## WHAT THIS TASK INVOLVES
Reproduce only this range: the line holding "The pandals also" through the last line of the data below, both included, exactly, with no pictures.

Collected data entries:
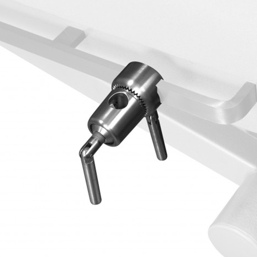Cet étau rotatif, solidement fixé aux rails du divan, permet de fixer différents dispositifs et instruments dans la position souhaitée et de les ajuster facilement en fonction des besoins de chaque examen. Grâce à son mécanisme de rotation, le praticien peut orienter les accessoires fixés dans l’angle optimal, facilitant les manipulations et améliorant l'efficacité des soins.
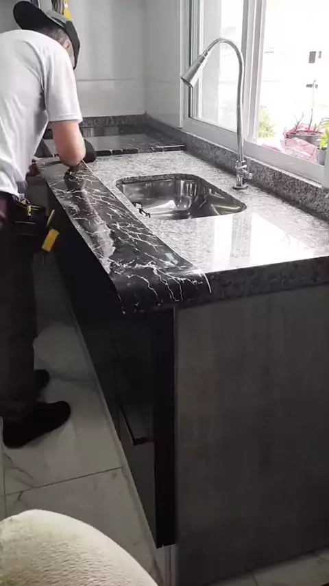 Papel De Parede Adesivo Para Cozinha Marmore Brilhante 3m x 60cm e 5m x 45cm Resistente Água
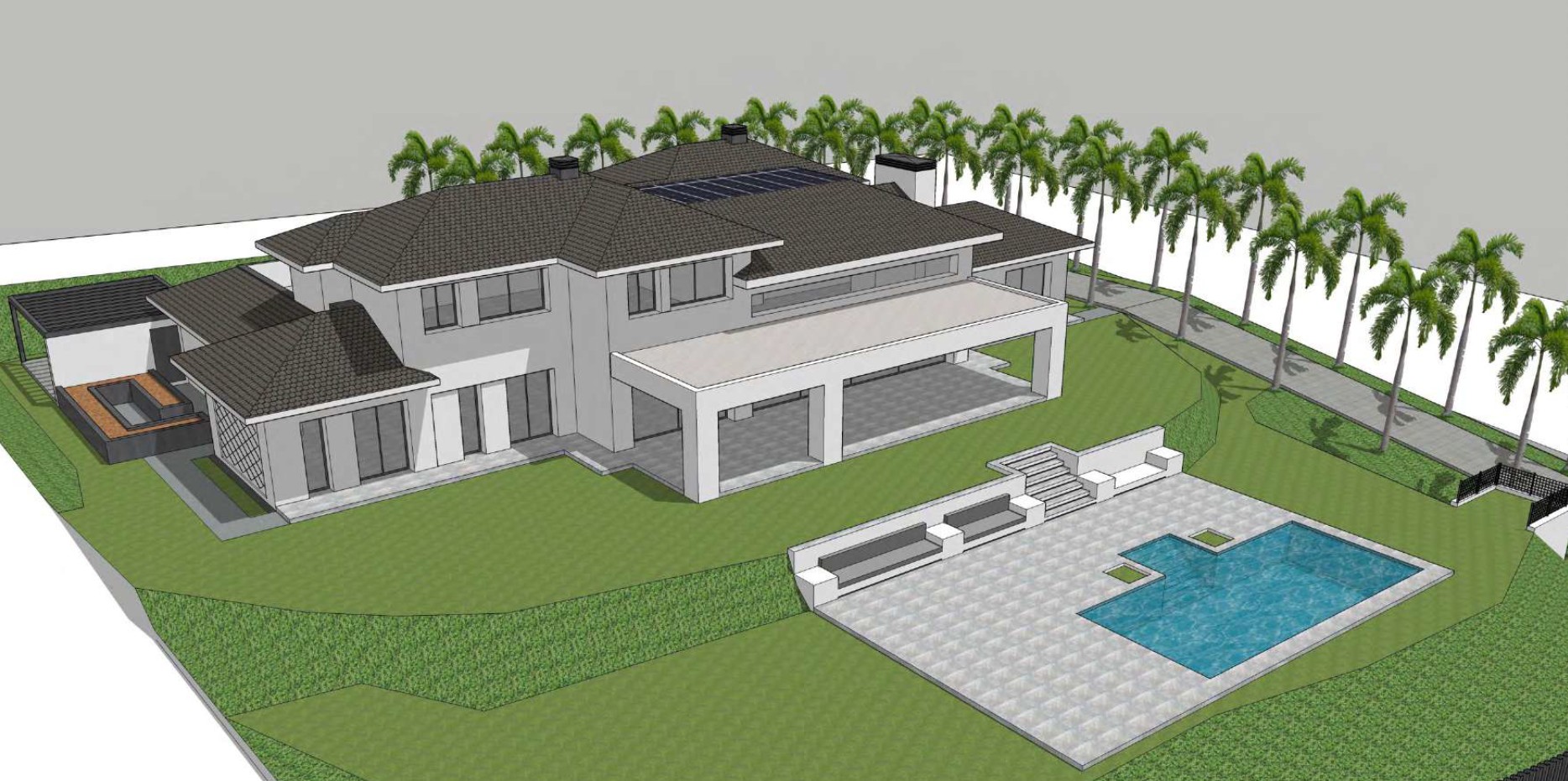 The projected house has five double bedrooms with bathroom (suite), living room, dining room, kitchen/dining room, guest toilet, pantry, laundry room, parking for four cars and a swimming pool. The master bedroom has its own bathroom, dressing room and office.
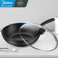 美的/Midea多功能精铁不锈炒锅无涂层家用炒菜锅电磁燃气通用铁锅 黑色
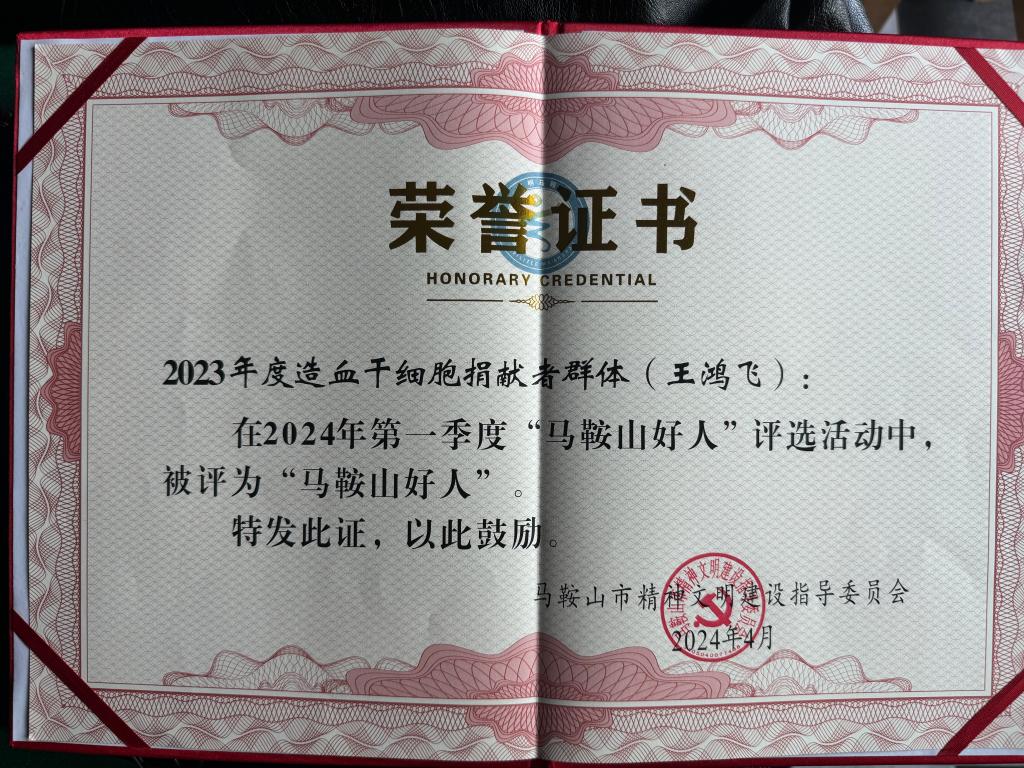 学子——造血干细胞捐献者王鸿飞同学出席仪式,获评2024年第一季度“马鞍山好人”荣誉称号。
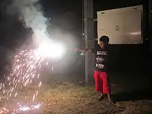The pandals also house images of Kali's consort, Shiva, two famous Bengali Kali devotees named Ramakrishna and Bamakhepa, along with scenes from mythology of Kali and her various forms, including images of the Mahavidyas, sometimes considered as the "ten Kalis." The Mahavidyas is a group of ten Tantric goddesses headed by Kali.[9] People visit these pandals throughout the night. Kali Puja is also the time for magic shows, theater, and fireworks.[7] Recent custom has incorporated wine consumption.[10]
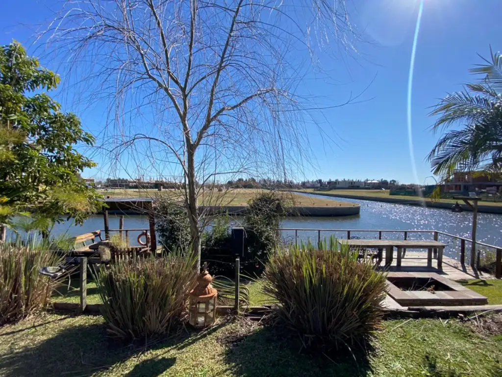 Galería. Piscina climatizada de 12 metros con jacuzzi y solárium. Jardín totalmente parquizado con sistema de riego automático y sector de fogonero. Cochera cubierta cerrada para dos autos grandes. Dos muelles privados con vistas inmejorables al atardecer.

## RESPONSE AREA
The pandals also house images of Kali's consort, Shiva, two famous Bengali Kali devotees named Ramakrishna and Bamakhepa, along with scenes from mythology of Kali and her various forms, including images of the Mahavidyas, sometimes considered as the "ten Kalis." The Mahavidyas is a group of ten Tantric goddesses headed by Kali.[9] People visit these pandals throughout the night. Kali Puja is also the time for magic shows, theater, and fireworks.[7] Recent custom has incorporated wine consumption.[10]
 Galería. Piscina climatizada de 12 metros con jacuzzi y solárium. Jardín totalmente parquizado con sistema de riego automático y sector de fogonero. Cochera cubierta cerrada para dos autos grandes. Dos muelles privados con vistas inmejorables al atardecer.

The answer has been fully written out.